What is being asked. Please make an exact copy of the listing, without the pictures.

Data.

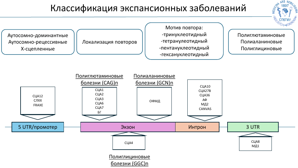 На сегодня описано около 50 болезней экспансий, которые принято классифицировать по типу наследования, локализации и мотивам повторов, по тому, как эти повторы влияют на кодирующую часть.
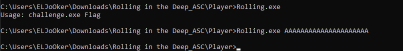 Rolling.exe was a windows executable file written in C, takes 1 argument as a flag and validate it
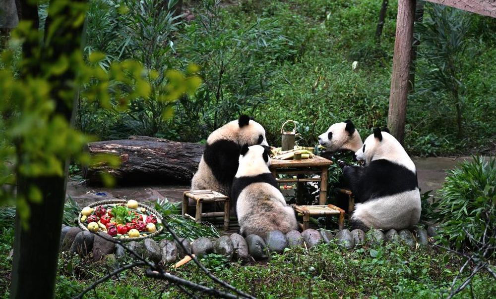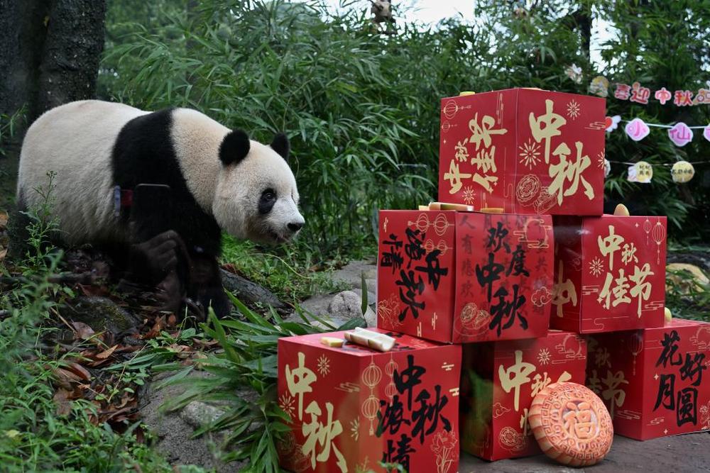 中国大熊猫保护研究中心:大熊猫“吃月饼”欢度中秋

Solution.
 На сегодня описано около 50 болезней экспансий, которые принято классифицировать по типу наследования, локализации и мотивам повторов, по тому, как эти повторы влияют на кодирующую часть.
 Rolling.exe was a windows executable file written in C, takes 1 argument as a flag and validate it
 中国大熊猫保护研究中心:大熊猫“吃月饼”欢度中秋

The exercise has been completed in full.